» Items listed in a dataset:
_ _ _ _

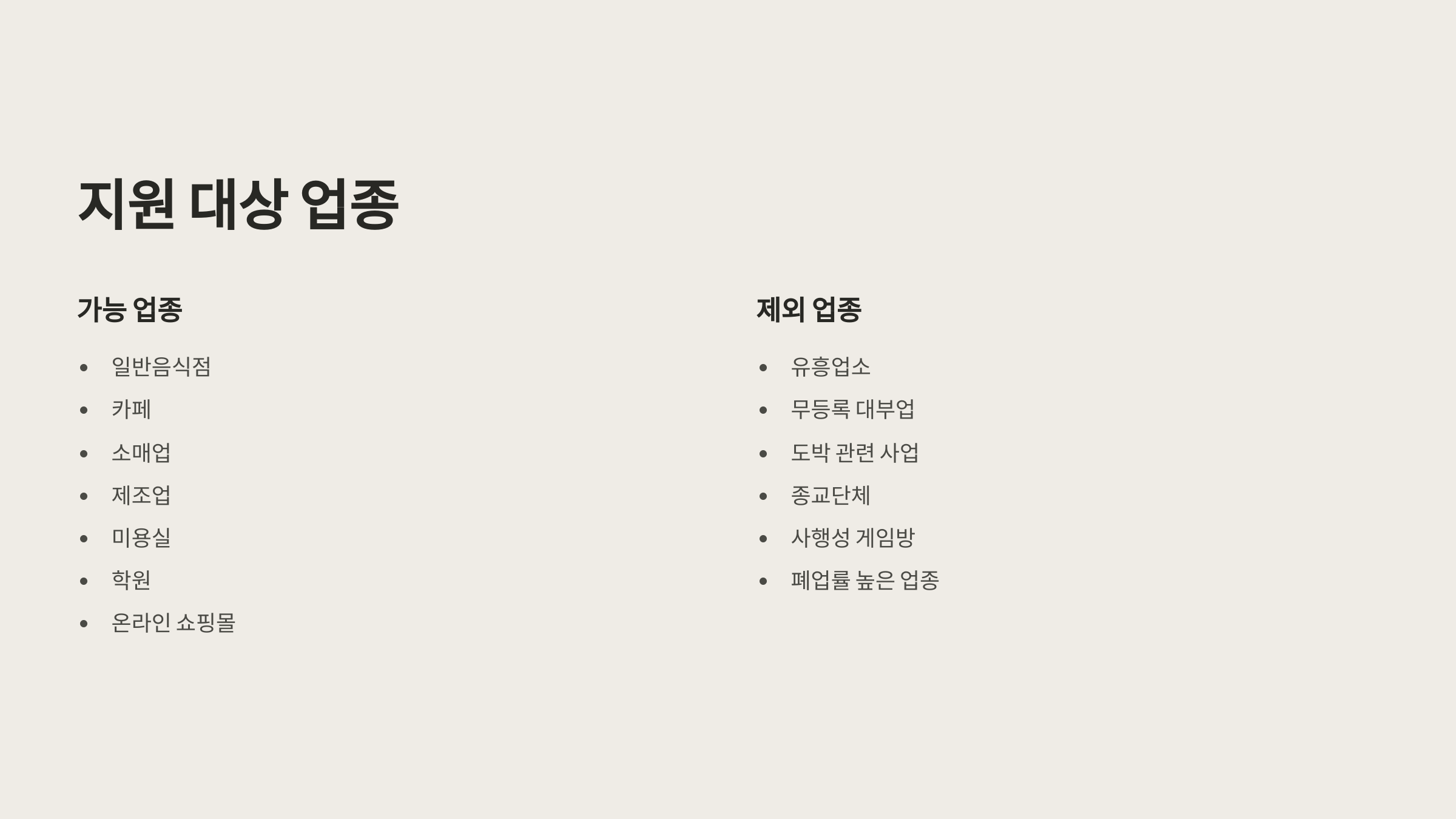 지원대상 업종과 제외 업종
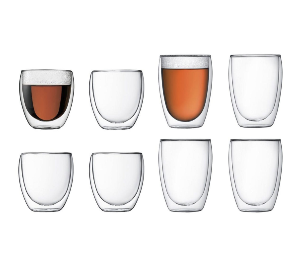 Geniesst eure Lieblingsgetränke mit dem 8-teiligen PAVINA-Doppelwandglas-Set von Bodum. Die mundgeblasenen Gläser aus hitzebeständigem Borosilikatglas halten heisse Getränke warm und kalte kühl, ganz ohne Kondenswasser. Sie sind spülmaschinenfest, Mikrowellen- und backofengeeignet (bis 180 °C).
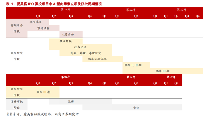 牌照认证周期较长。由于肉毒素的毒麻类属性,注射风险较大,因此针对肉毒素的监管较严苛。肉毒素的牌照认证周期较长,肉毒素认证牌照的审核周期通常需要 8-10 年左右。以爱美客 A 型肉毒素研发项目为例,预计从立项到获批完整周期在 5 年以上。
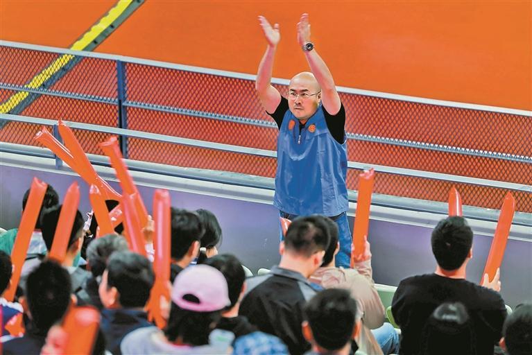 比赛中,“蓝马甲”不仅是服务者,更化身为啦啦队主力。他们组织现场4000余名观众,以整齐的口号、热情的呐喊为运动员加油助威。伴随着两台大锣鼓的节奏擂动,现场气氛持续升温,呐喊声此起彼伏,将比赛推向高潮。“能以工会服务者身份参与这场赛事,我觉得非常荣幸”“大家都比较文明,排队也很有秩序”……现场,工会“蓝马甲”们默契配合,现场井然有序。宝安工会以周到细致的服务,为这场高水平赛事增添了温暖动人的色彩。
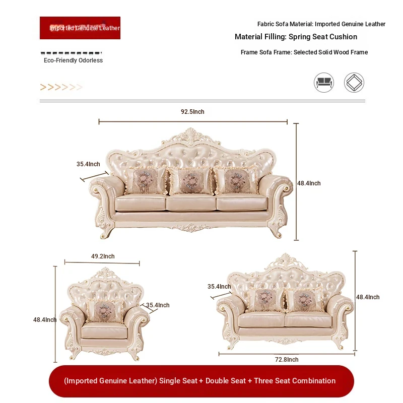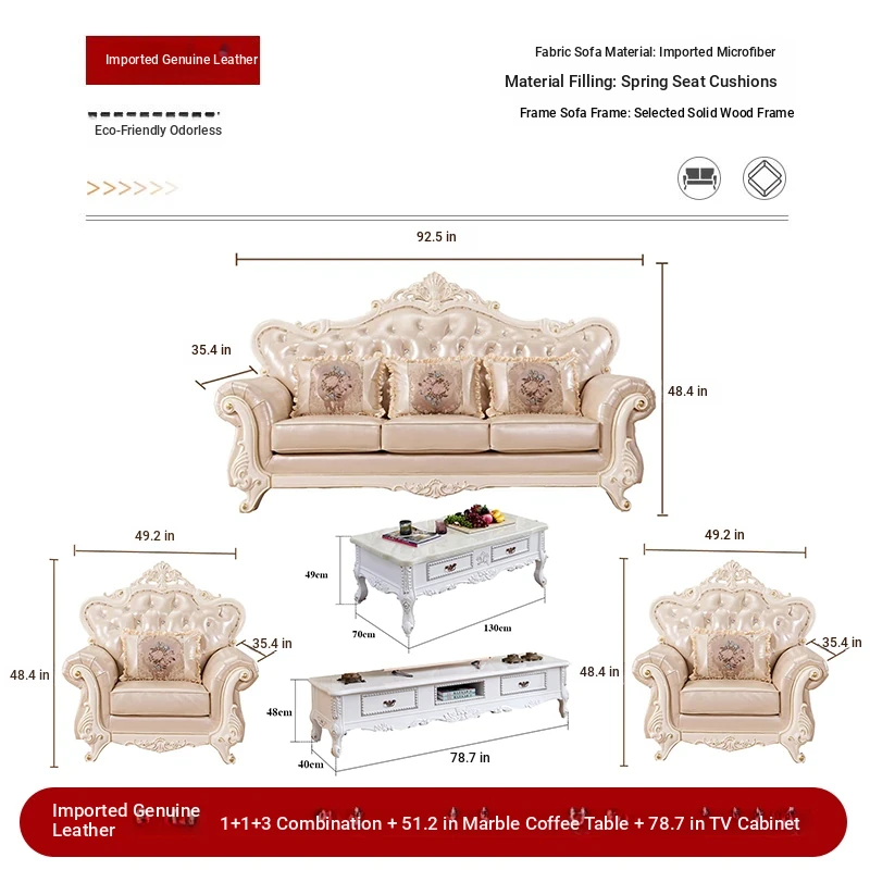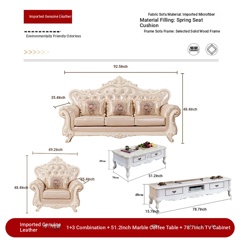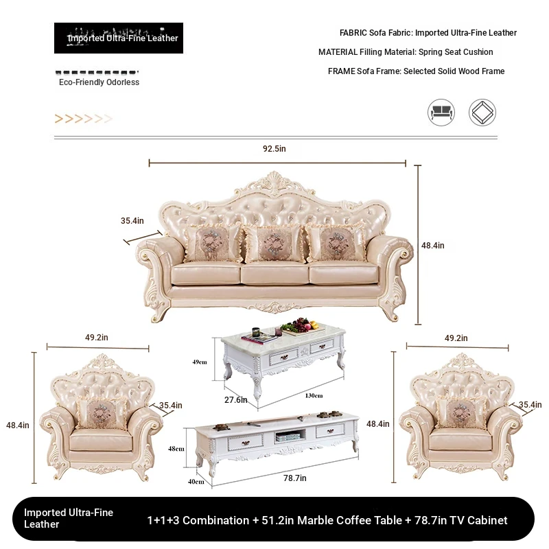 Import leather 1+1+3 combination +51.18 ins marble coffee table +78.74 ins TV cabinet
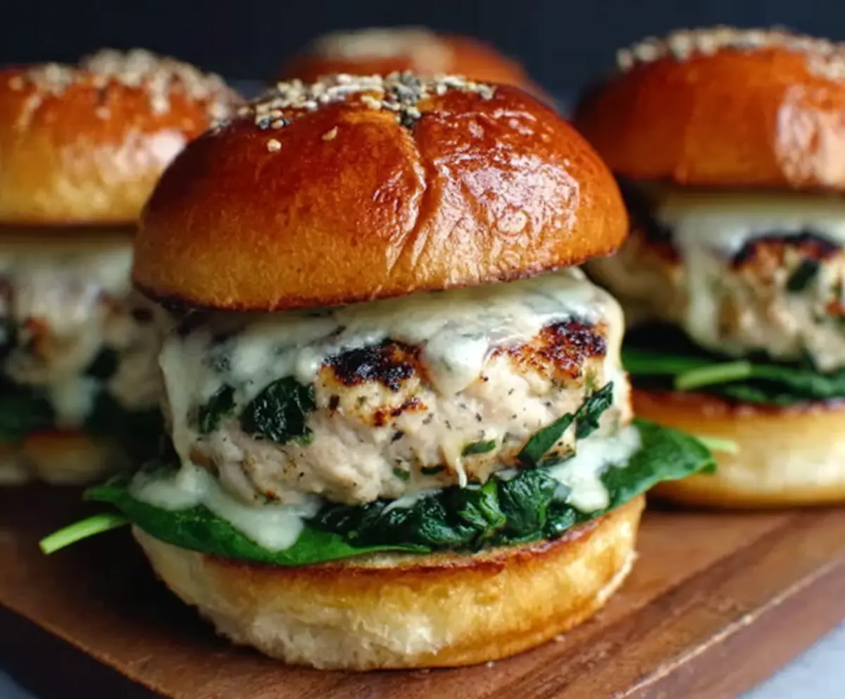 This recipe yields mouthwatering chicken burgers enriched with fresh spinach and creamy white cheddar, perfectly nestled in a soft brioche bun. Happy cooking!
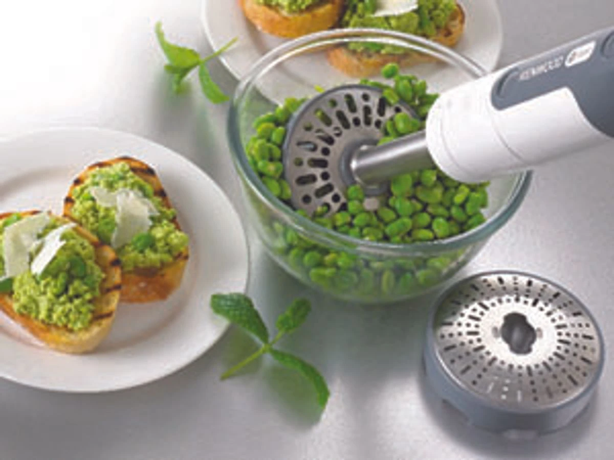 Cette version est dotée d’un pied extra large, parfait pour écraser rapidement à même la casserole, et réaliser facilement les purées, tantôt délicates, tantôt fermes, selon la grille utilisée (petits trous ou gros trous).
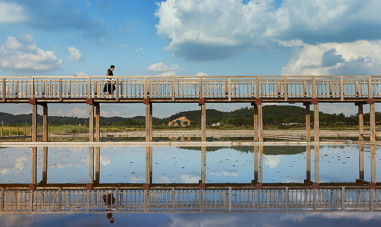 좀 더 걸어 들어가 폐염전을 복구한 염전학습장에서는 실제로 소금이 만들어지는 과정을 생생히 관찰할 수가 있다. 넓은 염전 위를 가로지르는 다리 위를 오르면 찰랑거리는 바닷물에 가득 담긴 푸른 하늘이 눈을 시원하게 한다. 사진을 찍느라 커플들의 걸음이 느려지는 곳이기도 하다.
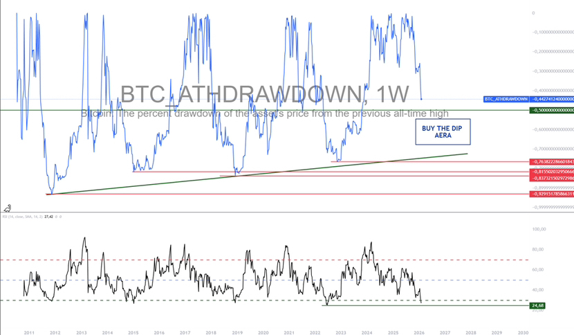 Zastosowane do Bitcoina, DCA jest najskuteczniejsze podczas zaawansowanych faz spadku, gdy panuje pesymizm, a długoterminowe wskaźniki weszły w obszar wyprzedania. Historycznie obszary 50% do 70% spadku od poprzedniego szczytu często były bardzo korzystnymi strefami akumulacji dla cierpliwych inwestorów.
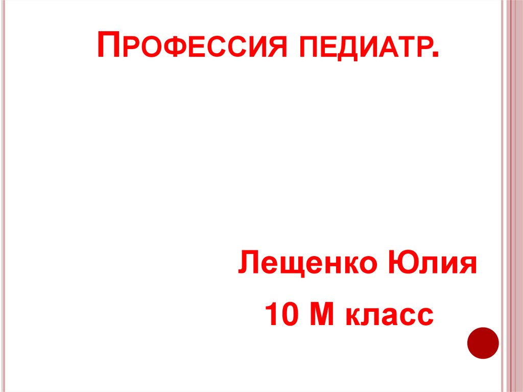 ПРОФЕССИЯ ПЕДИАТР.Лещенко Юлия
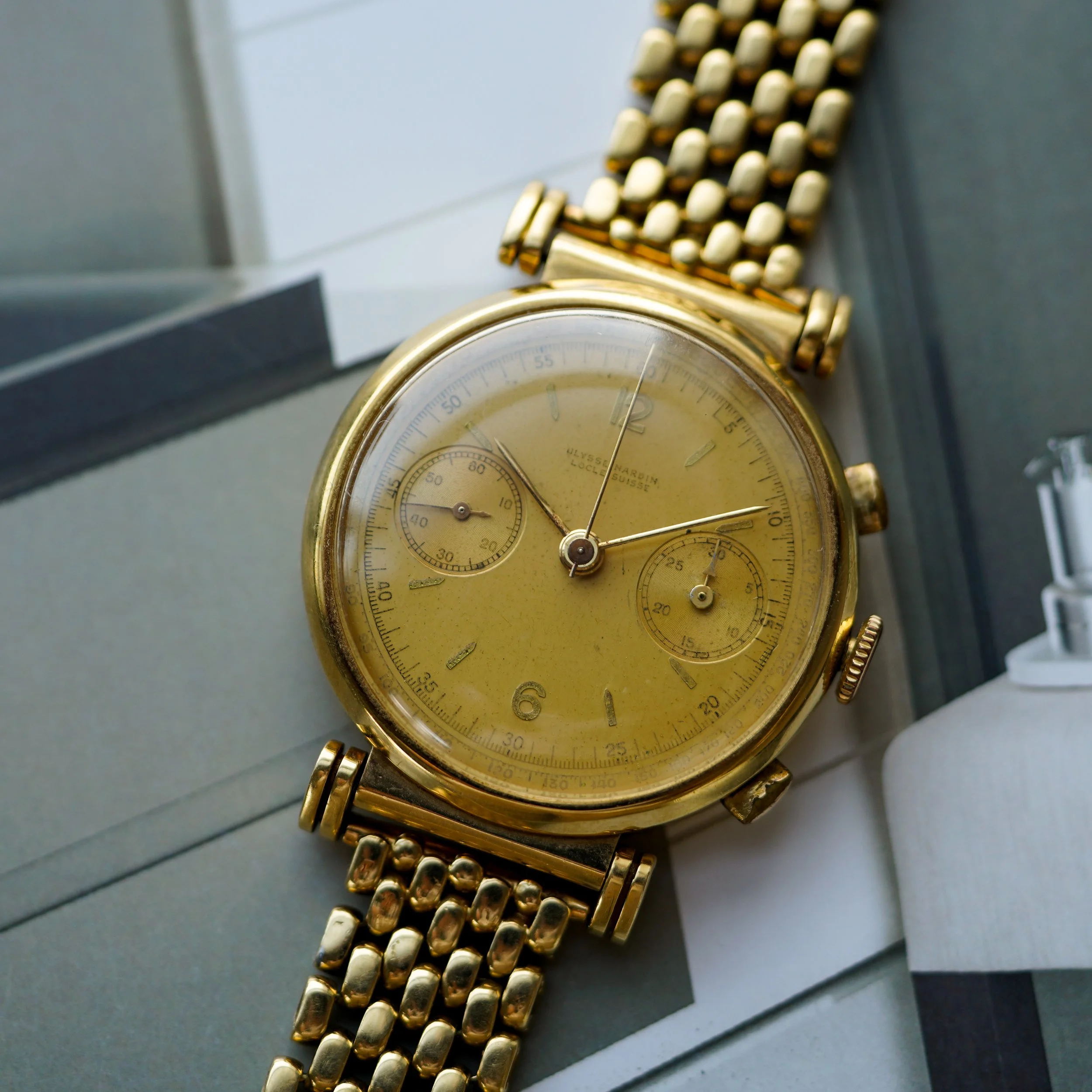 An exceedingly rare oversized chronograph in 18k gold from Ulysse Nardin, featuring a yellow dial with articulated lugs.
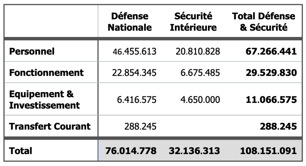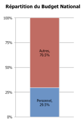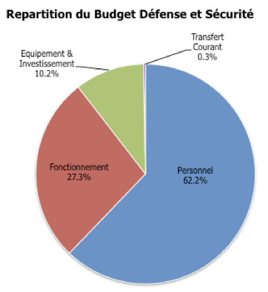 Avec la dotation extraordinaire – qui ramène le budget à 149.17 milliards FCFA – le ratio du personnel devient 45% ; sensiblement inférieur à celui du budget militaire Français, mais toujours plus élevé que la moyenne du budget national.
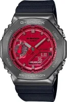 Мужские кварцевые часы из серии G-Shock. Комбинированный круглый корпус из нержавеющей стали и пластика. Красный аналого-цифровой циферблат. Минеральное стекло. Водозащита 200 м. Пластиковый черный ремешок с системой быстрой замены. Простая пряжка.
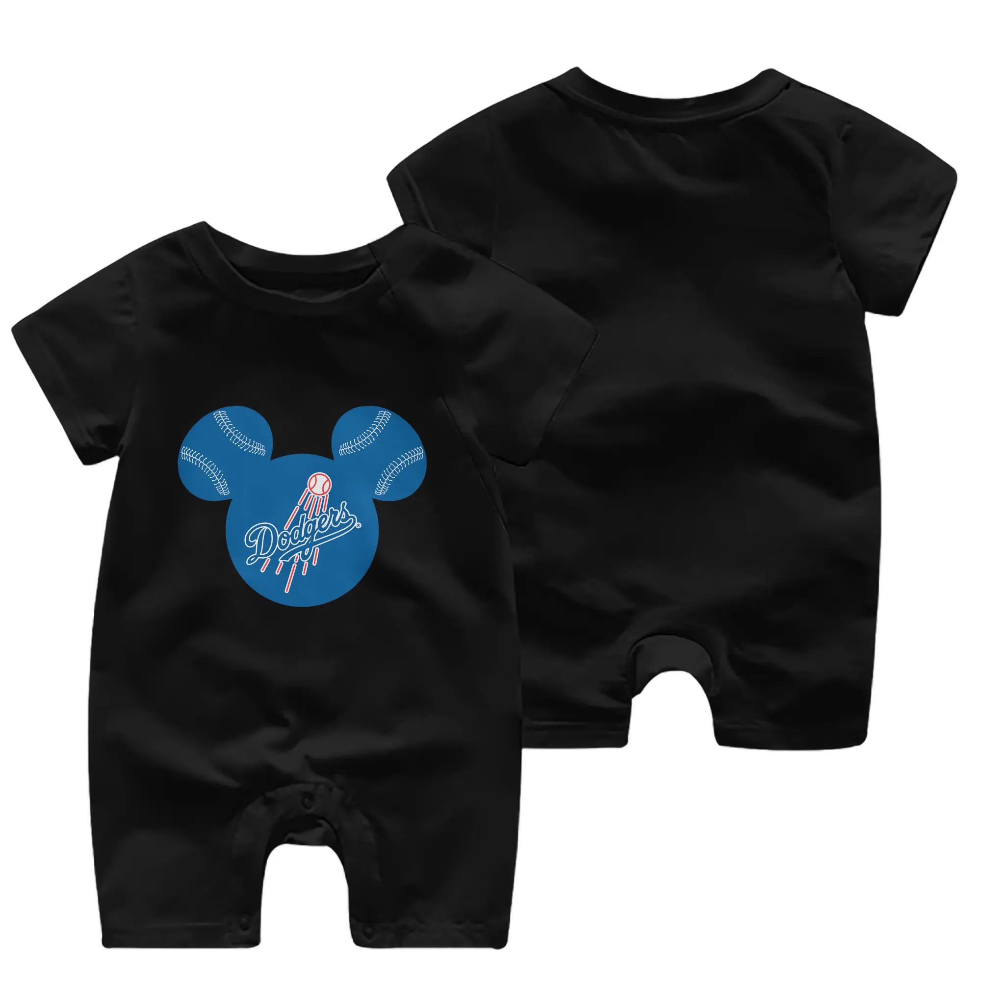 Los Angeles Dodgers Baseball Mickey Mouse - Baby Short Sleeve Onesie – 100% Cotton Soft & Breathable Digital Print Romper – Double-Sided Print, Snap Closure For Easy Diaper Changes – Comfortable For Boys & Girls
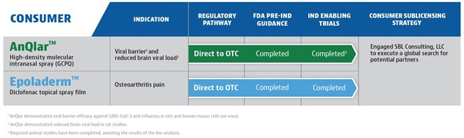 We have exclusive global rights to the following proprietary patented technologies: (i) Molecular Envelope Technology (“MET”) that uses an intranasal device to deliver enkephalin for the management of severe pain, including post cancer pain (Envelta™) and post-traumatic stress disorder (“PTSD”), (ii) Injectable “local anesthetic” Liposomal Technology for postoperative pain management (Probudur™), and (iii) Investigational formulation delivered via the nasal route to enhance pharmaceutical-grade cannabidiol (“CBD”) transport to the brain (“NobrXiol™”, formerly VRP324) to potentially treat epileptic seizures associated with Lennox-Gastaut syndrome (LGS) and Dravet syndrome (DS) in pediatric patients two years of age and older. We are also exploring value creative opportunities for our two nonprescription product candidates including seeking regulatory approval for commercialization of such products: AnQlar™, which is being developed as a 24-hour prophylactic viral barrier to inhibit viral infection by influenza or SARS-CoV-2, and Epoladerm™, which is a topical diclofenac epolamine metered dosed spray film formulation being developed to manage pain associated with osteoarthritis.
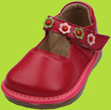 Red Squeaky Daisy Mary Jane Reg. $30.95, SALE $15.00 These summer red maryjanes have pretty white daisies planted on the toe and strap. Each shoe squeaks when the child walks correctly heel to toe. Available in sizes 3, and 10. |

_ _ _ _

» WHAT THIS TASK INVOLVES:
For this exercise, transcribe exactly the part of the records above that opens with the line containing "This recipe yields" and closes with the one containing "Avec la dotation". Pictures are not part of the copy.

» RESULT FOR THIS TASK:
 This recipe yields mouthwatering chicken burgers enriched with fresh spinach and creamy white cheddar, perfectly nestled in a soft brioche bun. Happy cooking!
 Cette version est dotée d’un pied extra large, parfait pour écraser rapidement à même la casserole, et réaliser facilement les purées, tantôt délicates, tantôt fermes, selon la grille utilisée (petits trous ou gros trous).
 좀 더 걸어 들어가 폐염전을 복구한 염전학습장에서는 실제로 소금이 만들어지는 과정을 생생히 관찰할 수가 있다. 넓은 염전 위를 가로지르는 다리 위를 오르면 찰랑거리는 바닷물에 가득 담긴 푸른 하늘이 눈을 시원하게 한다. 사진을 찍느라 커플들의 걸음이 느려지는 곳이기도 하다.
 Zastosowane do Bitcoina, DCA jest najskuteczniejsze podczas zaawansowanych faz spadku, gdy panuje pesymizm, a długoterminowe wskaźniki weszły w obszar wyprzedania. Historycznie obszary 50% do 70% spadku od poprzedniego szczytu często były bardzo korzystnymi strefami akumulacji dla cierpliwych inwestorów.
 ПРОФЕССИЯ ПЕДИАТР.Лещенко Юлия
 An exceedingly rare oversized chronograph in 18k gold from Ulysse Nardin, featuring a yellow dial with articulated lugs.
 Avec la dotation extraordinaire – qui ramène le budget à 149.17 milliards FCFA – le ratio du personnel devient 45% ; sensiblement inférieur à celui du budget militaire Français, mais toujours plus élevé que la moyenne du budget national.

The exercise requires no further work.